The Impact of Estrogens on Resting Energy Expenditure
Scientists are fascinated with estrogen’s influence on various physiological processes within human beings.
One area that has garnered much interest recently is estrogens’ effects on resting energy expenditure (REE).
REE is essential in supporting weight maintenance and energy balance. As it measures resting metabolic rate at rest, REE plays a significant role in keeping an ideal energy balance that allows healthy weight management.
Studies have uncovered an intricate relationship between estrogens and REE.
Estrogens appear to exert direct influences over mitochondria – the powerhouses of our cells – by changing how efficiently they convert nutrients to energy and create vitality for life.
Additionally, estrogen receptors have been observed in numerous tissues including fat tissue, skeletal muscle and the liver – suggesting estrogen’s importance in managing metabolism.
Understanding the intricate relationship between estrogens and REE is both scientifically interesting and potentially therapeutically significant, providing crucial insight into their scientific mechanisms as well as offering potential treatment benefits.
Research in this area could open doors for developing innovative interventions to manage conditions such as obesity and metabolic disorders, offering hope of a healthier tomorrow.
Scientists continue to gain more insights into estrogens’ effect on REE, making it evident that these hormones possess vast potential to advance our knowledge about metabolism and body functioning.
What is Estrogen?
Estrogen plays an essential role in women’s reproductive and breast health as well as cognitive functioning and bone strength.
Ovaries, adrenal glands, and fat tissues in both males and females produce estrogen; its levels tend to spike during puberty, pregnancy, and menopause.
Women produce three forms of estrogen (estrone, estradiol, and estriol) during each reproductive menstrual cycle that peak and fall over time.
Each type has its own configuration or number of atoms that enable it to interact with receptors throughout its body and activate specific cells as needed.
Estrogen works together with progesterone to regulate uterine lining before menstruation begins and placental development during gestation while simultaneously creating secondary sexual characteristics in girls and decreasing male pattern hair formation in boys.
Women who have higher estrogen levels often enjoy lower cholesterol levels and have a reduced chance of heart disease compared with women who don’t produce as much estrogen, likely as a result of estrogen’s influence on your blood vessels; it lowers “bad” LDL cholesterol while simultaneously raising “good” HDL levels.
Men, trans-women, children, and postmenopausal women all produce estrogen via adrenal glands, liver tissue, and fat tissue.
Estrogen can also come from food sources like vegetables containing phytoestrogens such as daidzein, genistein, and miroestrol; plus fortified products (like soy) with additional estrogen levels (for instance).

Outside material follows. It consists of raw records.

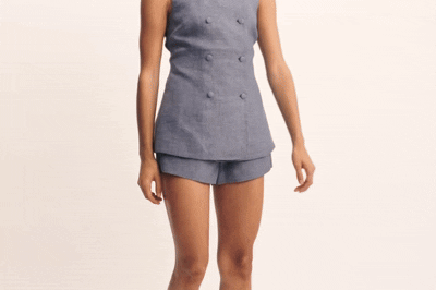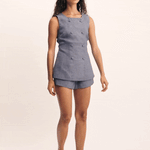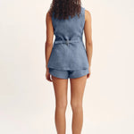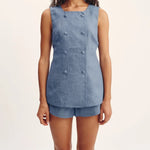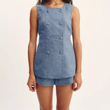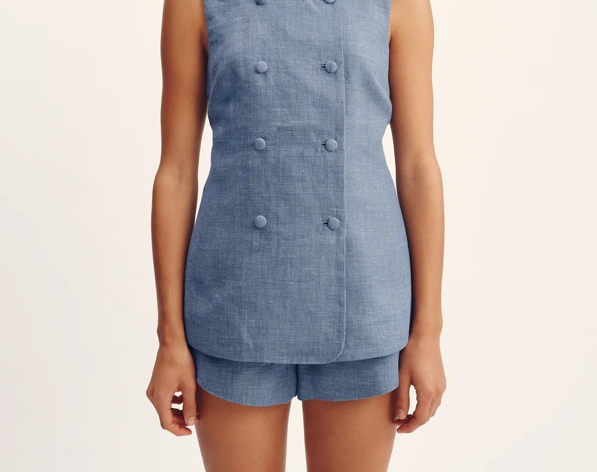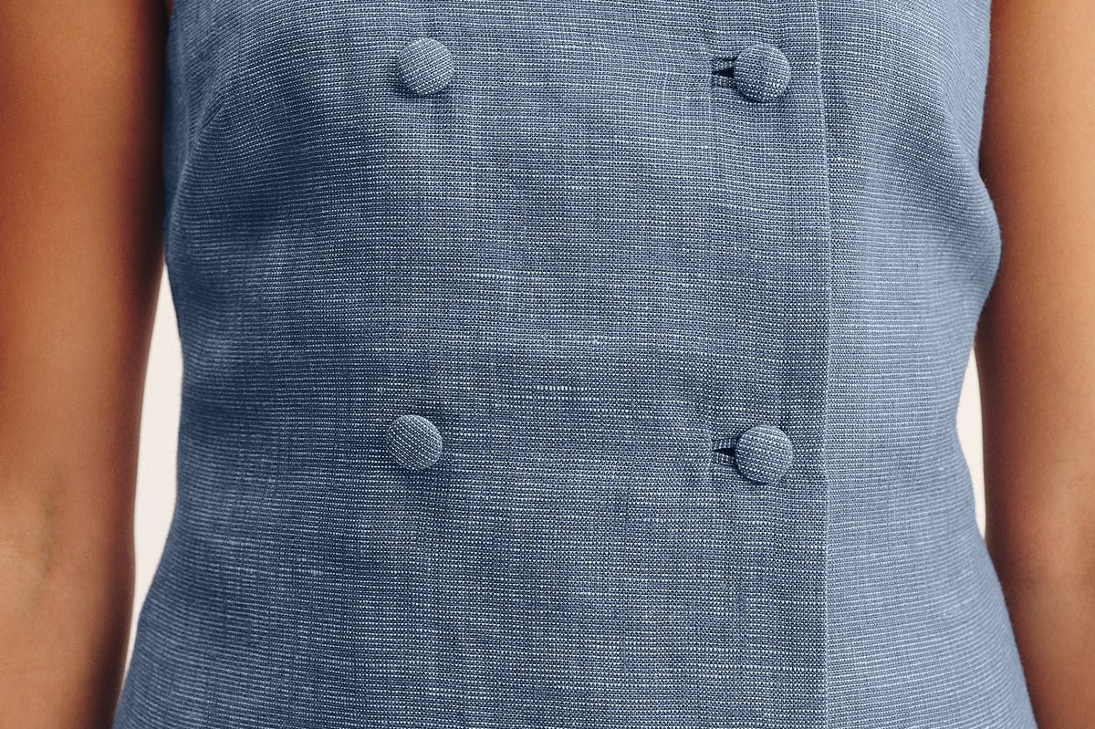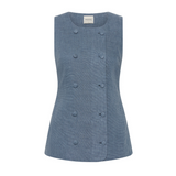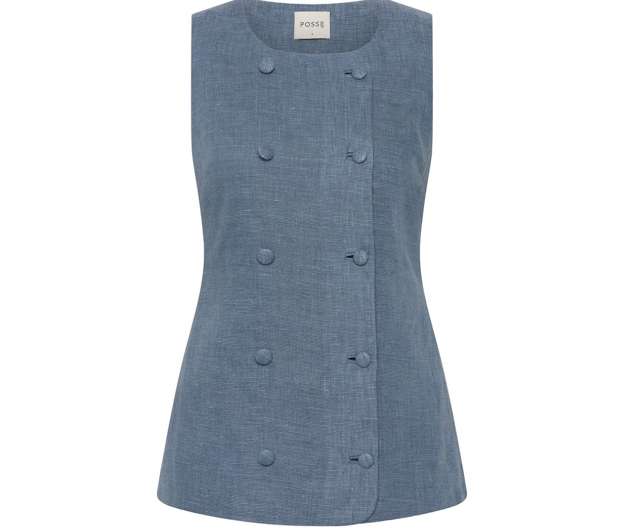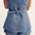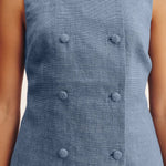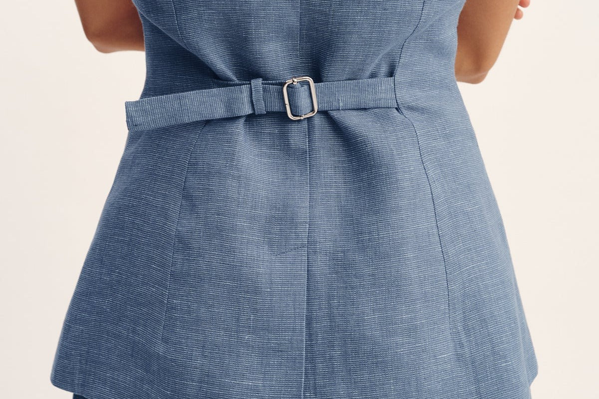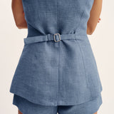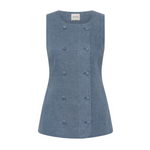 Introducing the Thea Vest in Steel Blue, crafted from premium linen for a tailored yet relaxed feel. This sleeveless style features a high scoop neckline, a double-breasted button front, and a signature buckle fastening at the back to adjust the fit. Finished with a scoop hem and back vent for ease of movement.
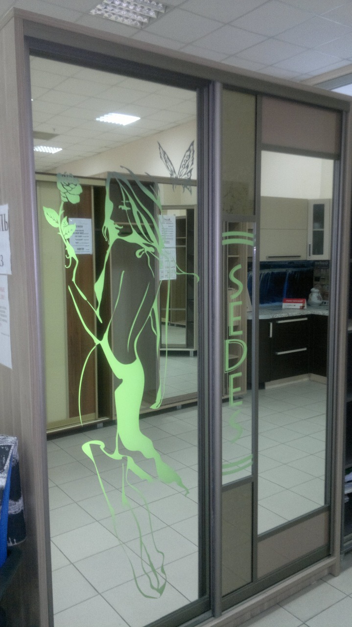 и амальгама-рисунок наносится на внутреннюю поверхность графитового зеркала. Эффектно смотрится с внутренней подсветкой шкафа.
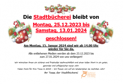 Die Stadtbücherei bleibt von Montag, 25. Dezember 2023 bis Samstag, 13. Januar 2024 geschlossen.
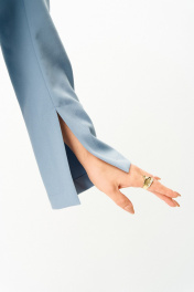 Элегантное женское платье, прилегающего силуэта: по переду и спинке вытачки по талии. Горловина круглая. Застежка на молнию в центральном шве спинки. Рукава втачные, двухшовные, расширенные к низу, в переднем шве, по низу, разрез. Платье без подкладки. Длина платья – 106 см Длина рукава – 62 см
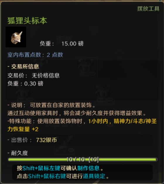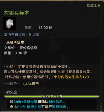头部标本可以设置在居住地,进行互动(R)的话,可以获得增益效果。
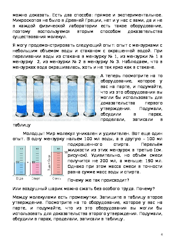 переливании воды из стакана в мензурку № 1, из мензурки № 1 в
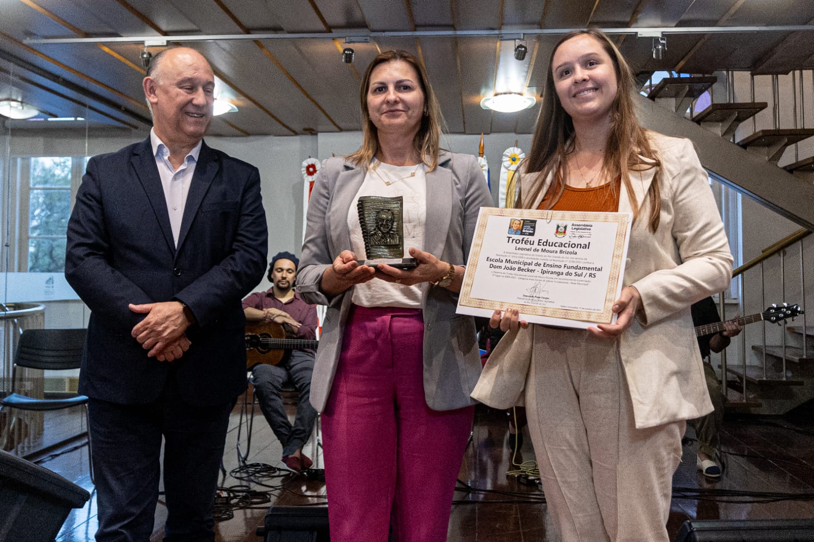 A Escola Municipal de Ensino Fundamental Dom João Becker, de Ipiranga do Sul, foi uma das instituições homenageadas durante a cerimônia de entrega do Troféu Educacional Governador Leonel de Moura Brizola, que aconteceu na quarta-feira, 15, no Memorial do Legislativo, em Porto Alegre. O evento, promovido pela Assembleia Legislativa, reconhece escolas públicas municipais e estaduais que obtêm os melhores resultados no Índice de Desenvolvimento da Educação Básica (IDEB).
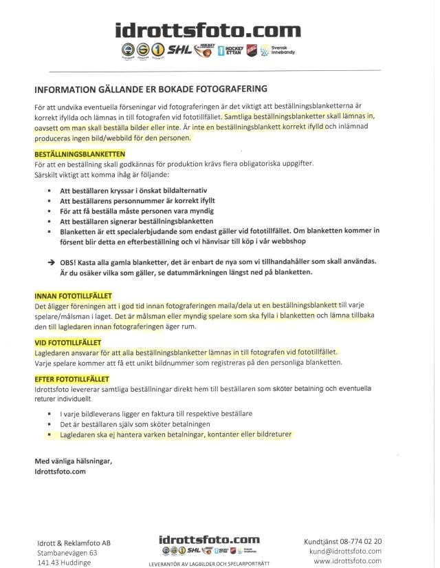 Hejsan! Nu är det dags att förvarna Er om lag/profilfotografering. LÄS INFO! Detta kommer att ske tisdagen 24 nov från kl 17.00, för alla lag! Så planera in dagen så att Vi blir så många som möjligt på fotona på kansliet... Blanketter delas ut så snart dem kommer.... ALLA aktiva/föräldrar MÅSTE fylla i blanketten oavsett om man ska ha foton eller inte! Påminnelse kommer när det närmar sig. Ha det gott! IFK Hammarö
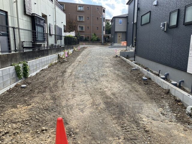 全3区画の新築戸建です^^手前から1号棟、2号棟、3号棟。
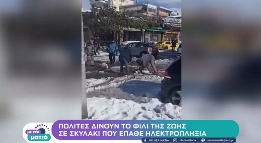 Η σκυλίτσα έπαθε ηλεκτροπληξία στην Λεωφόρο Ιασωνίδου στο Ελληνικό καθώς πάτησε ηλεκτροφόρα καλώδια που είχαν πέσει στο δρόμο λόγω του χιονιά.
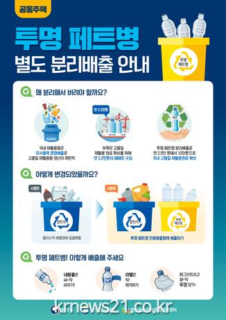 김포시는 지난해 10월부터 관내 공동주택 관리사무소를 통해 투명페트병 별도배출 홍보를 이어왔고, 새해에도 현장점검과 함께 전단지, 보도자료 등 주민 홍보를 강화할 계획이다.
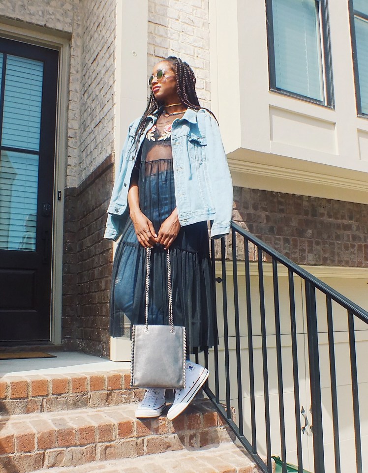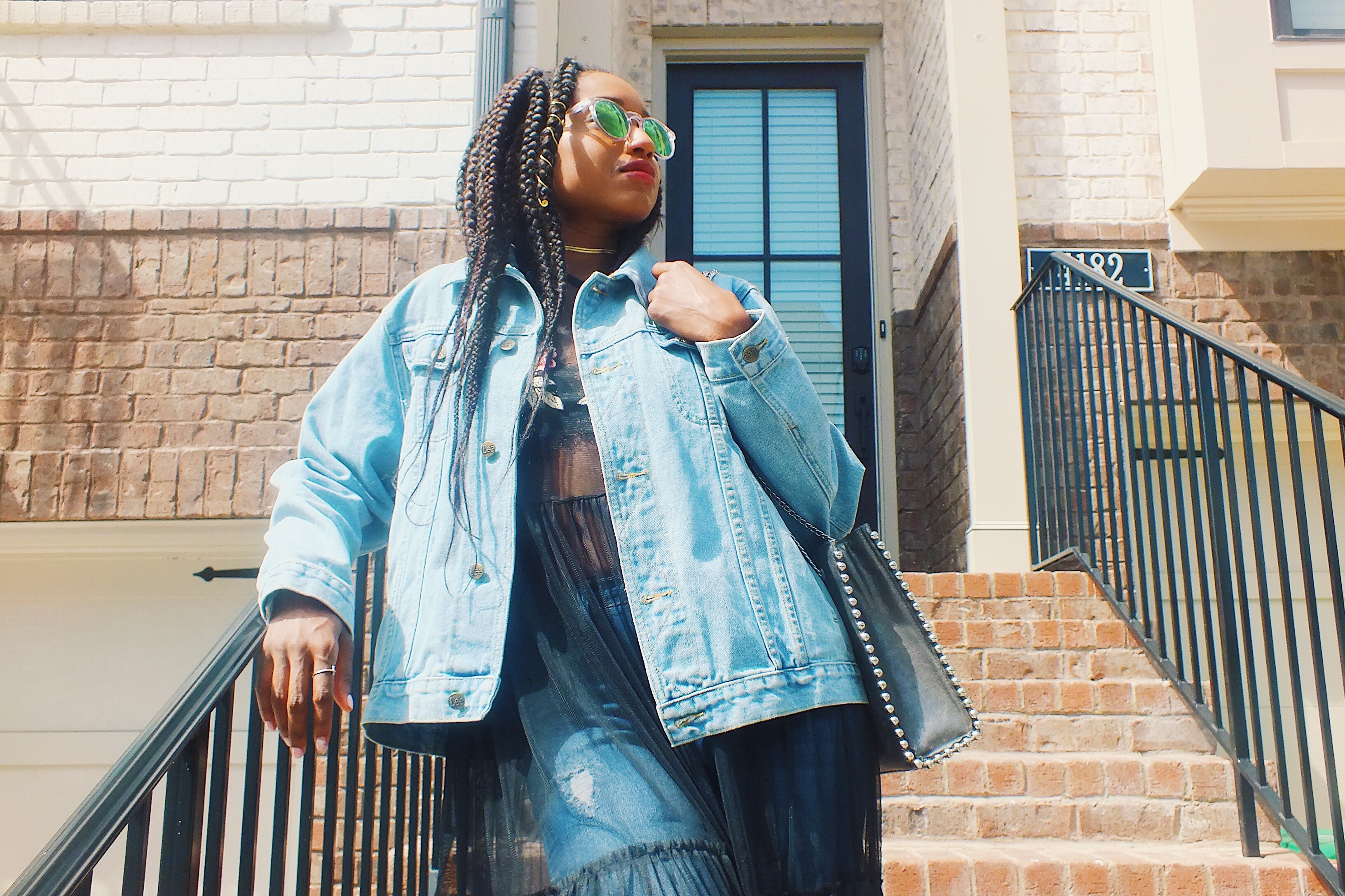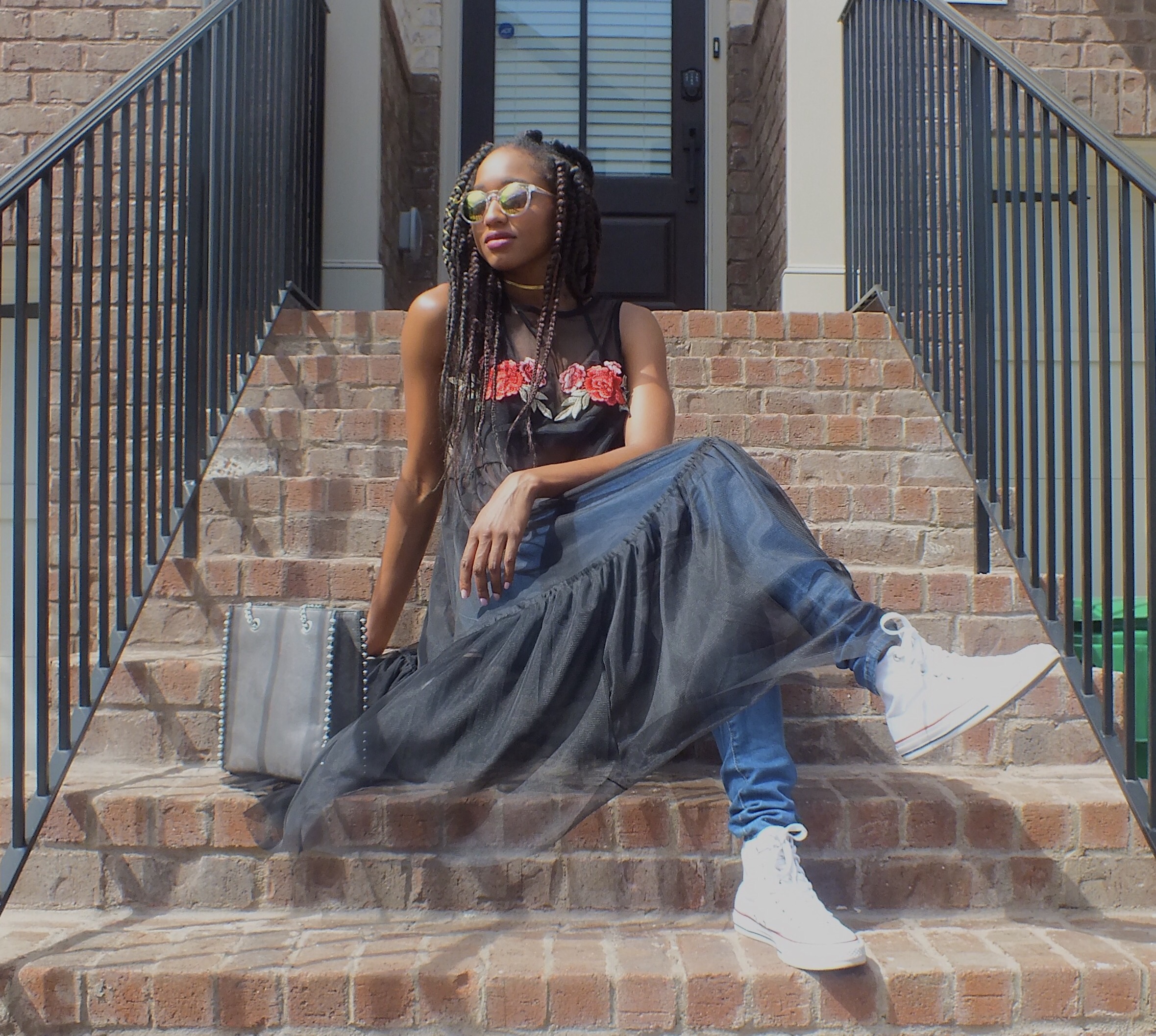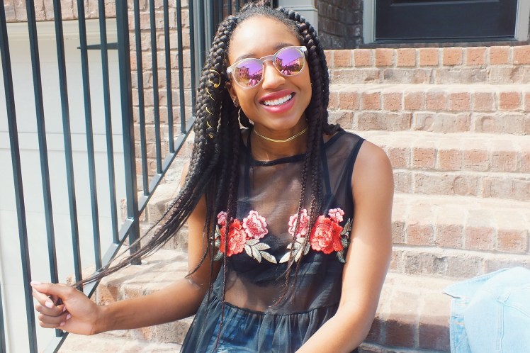 Because it is see through on top- momma asked me where I’d be going in this and said a tank under would be more appropriate lol- I wore high waist jeans that I got from Fashionnova. I am still trying to find other places that have jeans with stretch that fit me well. I’m not as thigh-y as I once was, but I still have an issue finding well fitting jeans.

Estrogen can be prescribed as part of hormone therapy to those born male who wish to transition, in combination with anti-androgenic treatments, in order to achieve female gender identity transition.
Administration can include taking tablets orally; being given injections; patch or gel application or inserting slow-release suppositories under the vagina.
Estrogen as an Agent in Metabolism
Estrogen plays an essential part in female reproduction as well as multiple metabolic processes affecting muscle, fatty acid, and bone health, cardiovascular system functioning, and overall cardiovascular wellbeing.
Ovaries, adrenal glands, and fat tissues produce estrogen; more women produce this steroid than men; this may enhance cognitive performance as well.
Estrogens are active compounds that must be broken down and excreted from the body for them to continue having an effective role.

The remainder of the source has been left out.